Dataset entries Block Start

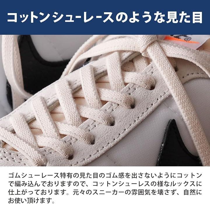 「見た目はそのまま」 表面はコットン素材で、通常のシューレースと変わらないナチュラルな印象。
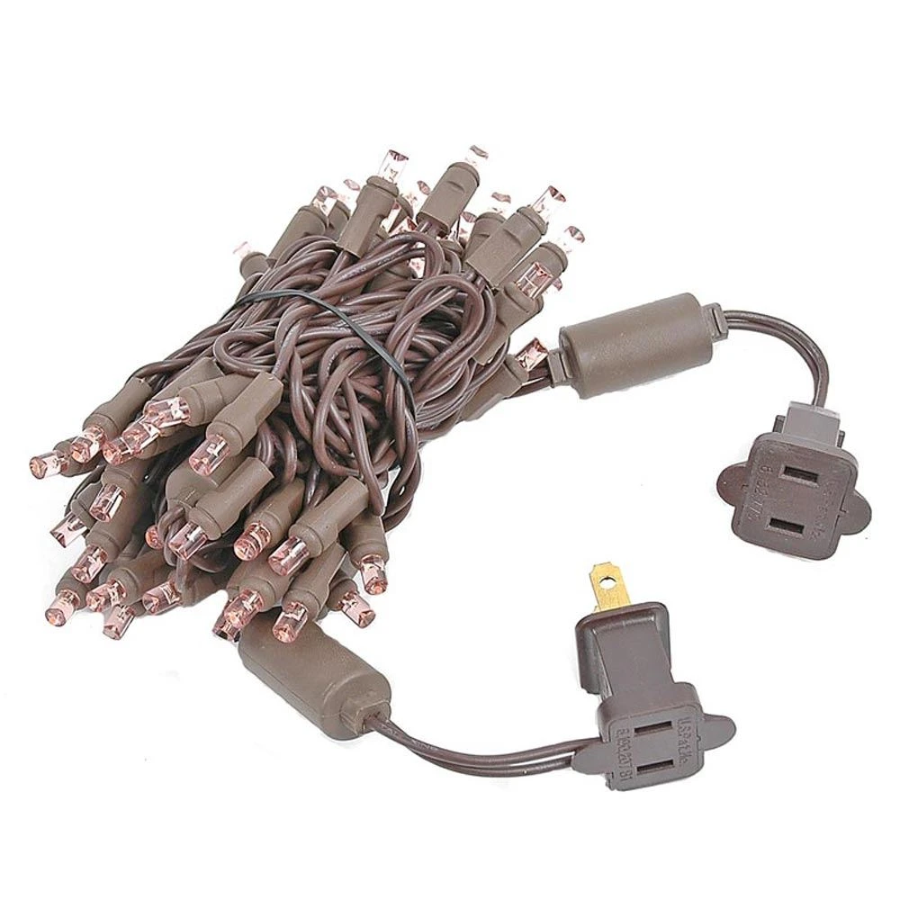 50 Pink Wide Angle LED Mini Light on Brown Wire
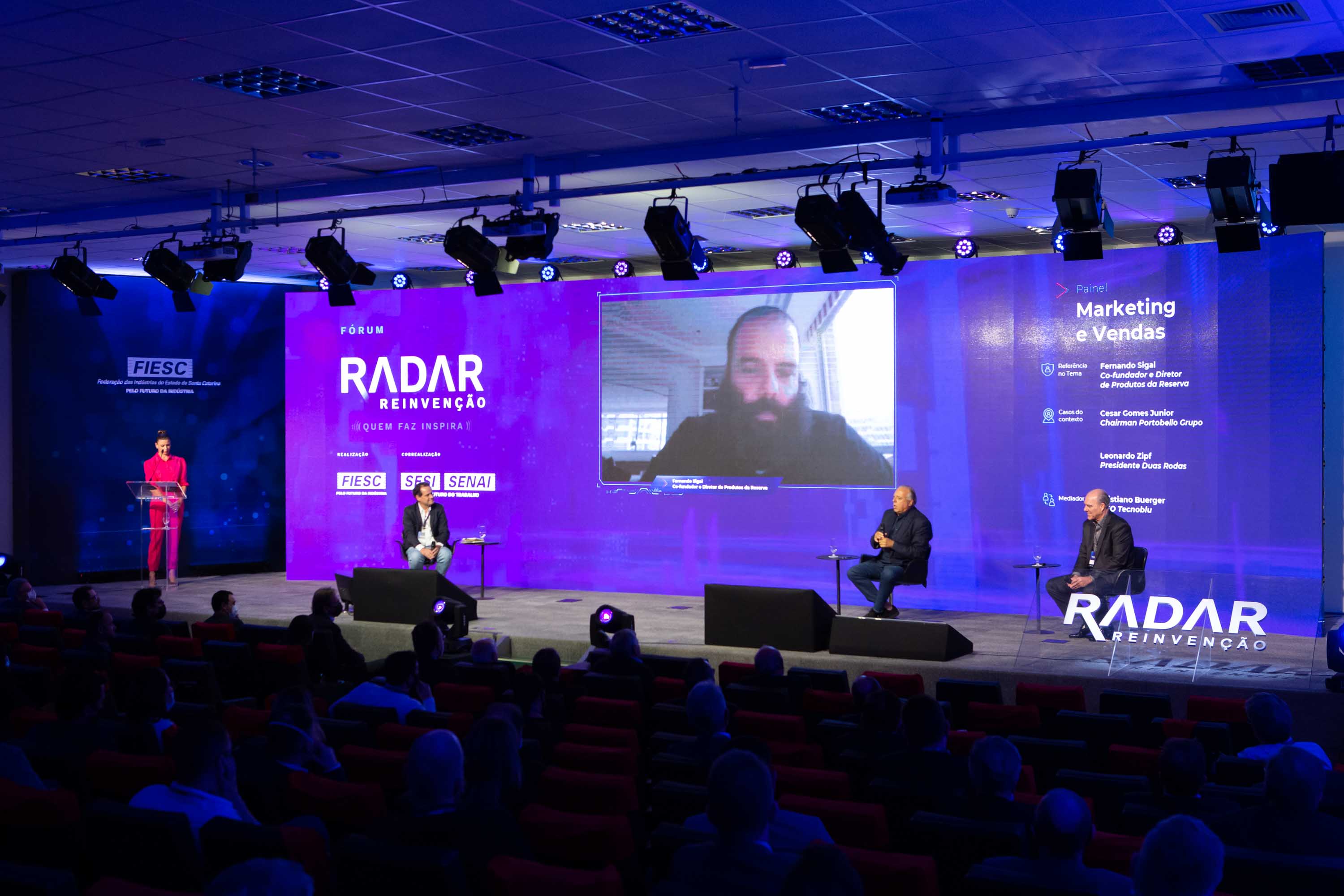 Florianópolis, 9.11.2021 - Reinventar a relação com o consumidor é um dos principais desafios do setor produtivo. No quarto painel do Fórum Radar Reinvenção, que a FIESC promove nesta terça e quarta (9 e 10 de novembro), Reserva, Portobello e Duas Rodas relataram suas apostas para reter clientes. Entre as estratégias que vêm sendo adotadas pela indústria estão a agilidade em novos lançamentos, parcerias e inteligência artificial e colaborativa.
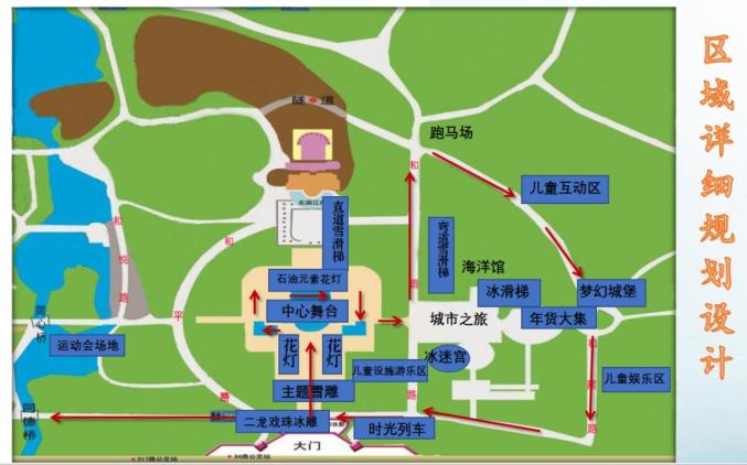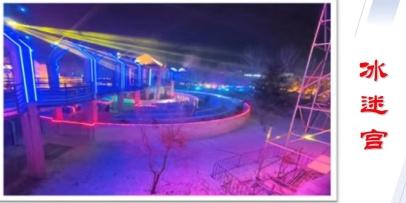 冰迷宫——利用现有迷宫造型,内部地面铺设冰砖,内嵌安装彩灯,夜幕下仿佛行走于星际之间。
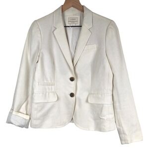J CREW Schoolboy Linen Blazer Women's Sz 4 Ivory Lined Business Academia Preppy
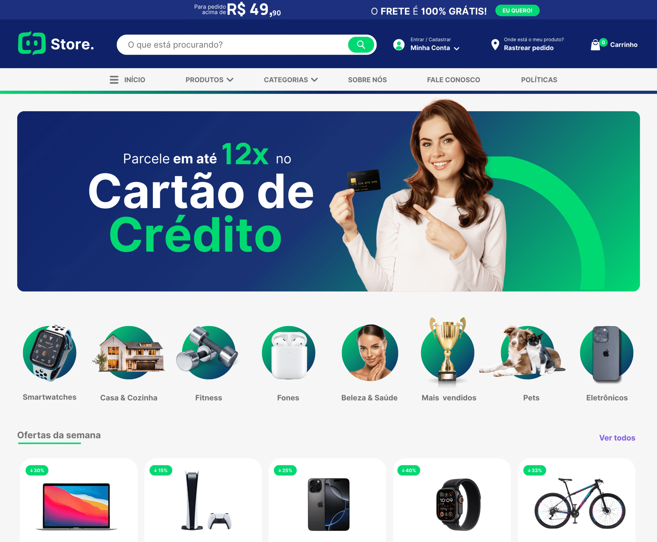 Criação de lojas virtuais que se adaptam perfeitamente a diferentes tamanhos de tela e dispositivos.
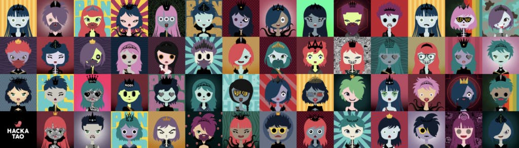 Similarly, Hackatao’s recent project, “Queens + Kings,” incorporates blockchain technology as part of the medium, utilizing smart contracts not simply as a means of validating artwork, but as a creative tool. An avatar project in collaboration with NFT Studios and Sotheby’s, and stylistically inspired by their earlier work and the culture of the metaverse, it is intended to give collectors an artistic and interactive experience, “to subvert the…traditional dynamics of ‘an artist creates and a collector collects.’” In more conventional avatar projects, character traits are assigned to each token by an algorithm and are then unalterable. While this is the initial case for “Queens + Kings,” after the first mint, collectors will be able to hack their avatars, so to speak, to take them apart, customize them, and put them back together. Traits are interchangeable, meaning that collectors can buy and sell them; the result is that tokens, which are already rendered unique because of their smart contracts, are even more singular and specifically personal. The project is designed so that Hackatao can continue to release new traits as it progresses, meaning that the possibilities are truly endless.
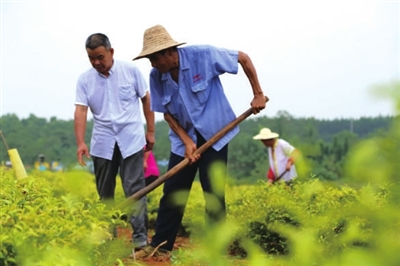 这些农民中,来自附近九彬村的陈恢志已经63岁了,由于手脚勤快,他被茶园老板聘为了固定工人。在现场,他一边除草,一边告诉记者:“这里面积大,几乎天天都有事情干,每个月能拿3000元左右的工钱。再加上我家里种的7亩地,一年下来大概有10万多元的总收入,比以前光种地强多了!”
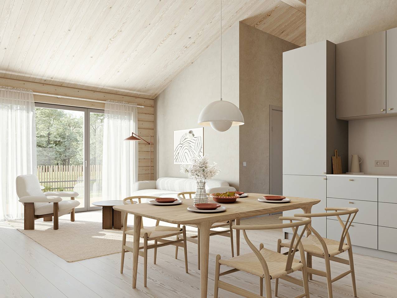 Constructed with logs, the house exudes a natural charm, inviting you to immerse yourself in nature even if you are located in a town or urban setting. However, it can also be crafted with the modern Zen corner or in timber framing instead of glulam log.
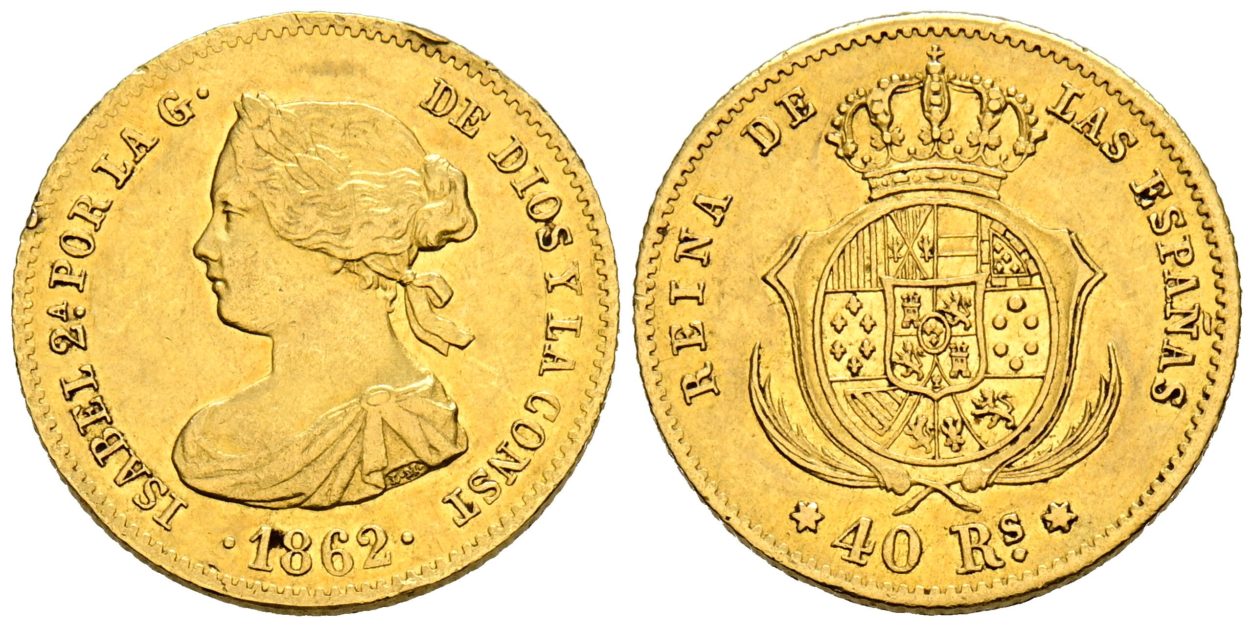 ISABEL II (1833-1868). 40 Reales. (Au. 3,34g/18mm). 1862. Madrid. (Cal-2019-681). MBC+.
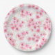 Diese Papierplatte ist in einem schönen rosa Blütendruck dargestellt. Passen Sie dieses Objekt an oder kaufen Sie, wie es ist. Stock Print freepik.com
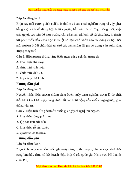 Đây là bản xem th , vu ử i lòng mua tài li u ệ đ xe ể m chi ti t (c ế ó l i ờ gi i ả ) Đáp án đúng là: A Hi n ệ nay môi trư ng ờ sinh thái b ịô nhi m
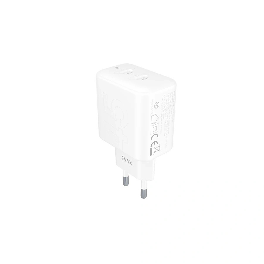 Az AVAX CH602 USB-C töltő adaptere két Power Delivery USB-C csatlakozóval rendelkezik, mindegyik port 45W teljesítményt nyújt. Ez a rendszer lehetővé teszi, hogy széles körű eszközöket tölts meg gyorsan és hatékonyan, miközben a kompakt méret a mobilitást is biztosítja. Együttes töltés esetén 25+20W töltést kapsz.
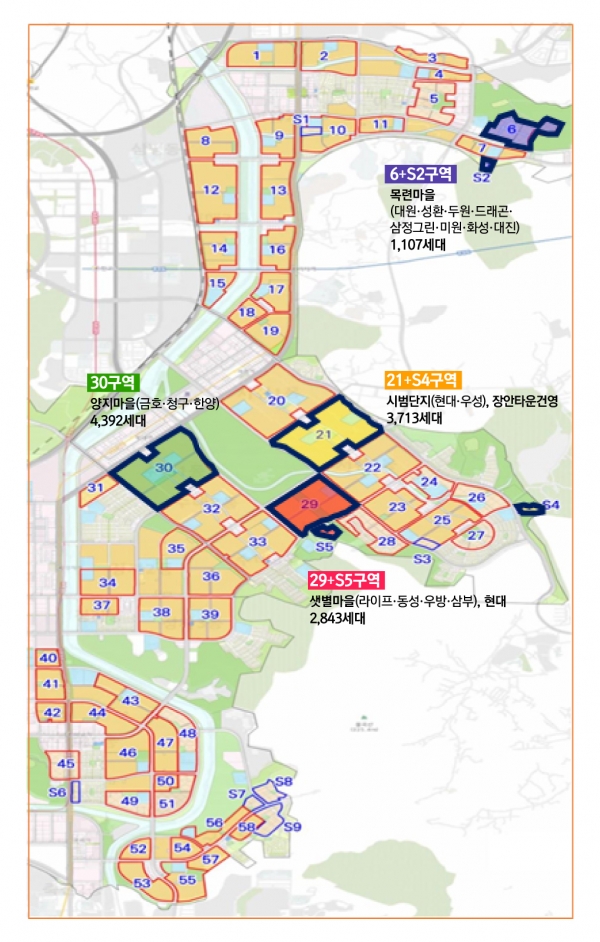 선도지구로 선정된 아파트 유형은 ▲기초구역29,S5(샛별마을 라이프‧동성‧우방‧삼부, 현대/2843세대), ▲기초구역30(양지마을 금호‧청구‧한양/4392세대), ▲기초구역21,S4(시범단지 현대‧우성, 장안타운건영/3713세대)이며, 유형별 안배를 고려하여 별도 정비물량으로 선정된 연립주택 유형은 ▲기초구역6,S2(목련마을 대원‧성환‧두원‧드래곤‧삼정그린‧미원‧화성‧대진/1107세대)이다.이번 공모는 국토교통부가 지난 5월 발표한 ‘1기 신도시 선도지구 선정계획’에 따라 노후화된 1기 신도시 내 가장 먼저 정비할 대상지를 선정하기 위해 진행됐으며, 동의서 검증, 평가위원회 개최, 국토부 협의 등을 거쳐 최종 선정됐다. 평가 과정에서 동의자와 소유자의 불일치, 관련 서류 제출 미비 등 동의서 요건을 충족하지 못한 경우에는 무효 처리되거나, 평가기준에 위배되는 항목에 대하여 감점되는 등 일부 구역의 자기평가 점수가 조정됐다.
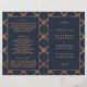 Estes programas dobrados são perfeitos para qualquer casal planejando uma celebração romântica de casamento vintage. O design apresenta um fundo design geométrico na moda em marinho e ouro com um quadro decorativo de borda e é finalizado com uma redação elegante e editável. O design simples pode ser personalizado para se adequar ao seu evento especial e será a ordem de serviço perfeita para qualquer festa tematizada, incluindo chás de panela, noivados, chás de casamento, festas de aniversário e muito mais.
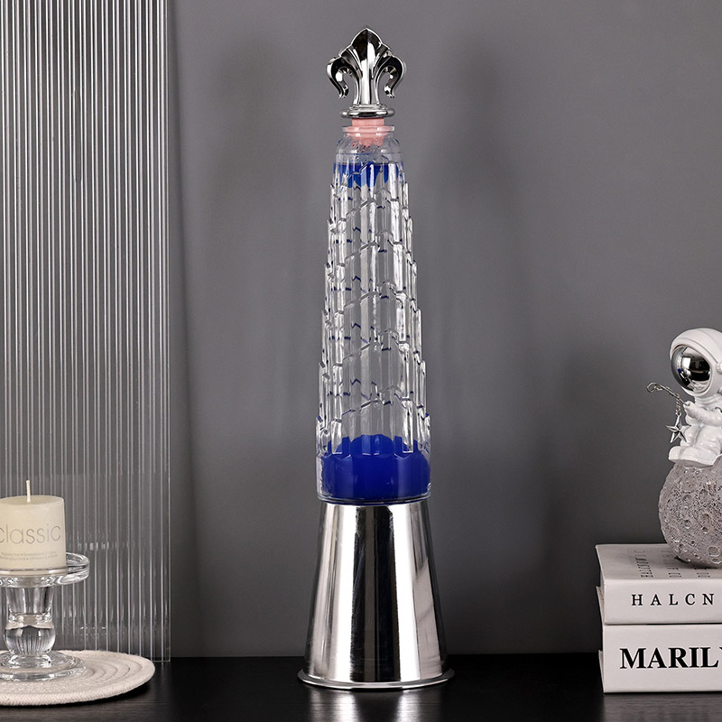 چراغ رومیزی لامپ لاوا سایه برج دارای طراحی کلاسیک به شکل برج، با تزئینات فلزی مشکی رنگی که در بالا، ساده و در عین حال نجیب تعبیه شده است. در داخل بطری شیشه ای شفاف، موم آبی وجود دارد

Dataset entries Block End

What you are asked to do:
No pictures should appear in the copy, which holds exactly the lines from the first line of the data through the line with "J CREW Schoolboy" and nothing else.

Result of this exercise:
 「見た目はそのまま」 表面はコットン素材で、通常のシューレースと変わらないナチュラルな印象。
 50 Pink Wide Angle LED Mini Light on Brown Wire
 Florianópolis, 9.11.2021 - Reinventar a relação com o consumidor é um dos principais desafios do setor produtivo. No quarto painel do Fórum Radar Reinvenção, que a FIESC promove nesta terça e quarta (9 e 10 de novembro), Reserva, Portobello e Duas Rodas relataram suas apostas para reter clientes. Entre as estratégias que vêm sendo adotadas pela indústria estão a agilidade em novos lançamentos, parcerias e inteligência artificial e colaborativa.
 冰迷宫——利用现有迷宫造型,内部地面铺设冰砖,内嵌安装彩灯,夜幕下仿佛行走于星际之间。
J CREW Schoolboy Linen Blazer Women's Sz 4 Ivory Lined Business Academia Preppy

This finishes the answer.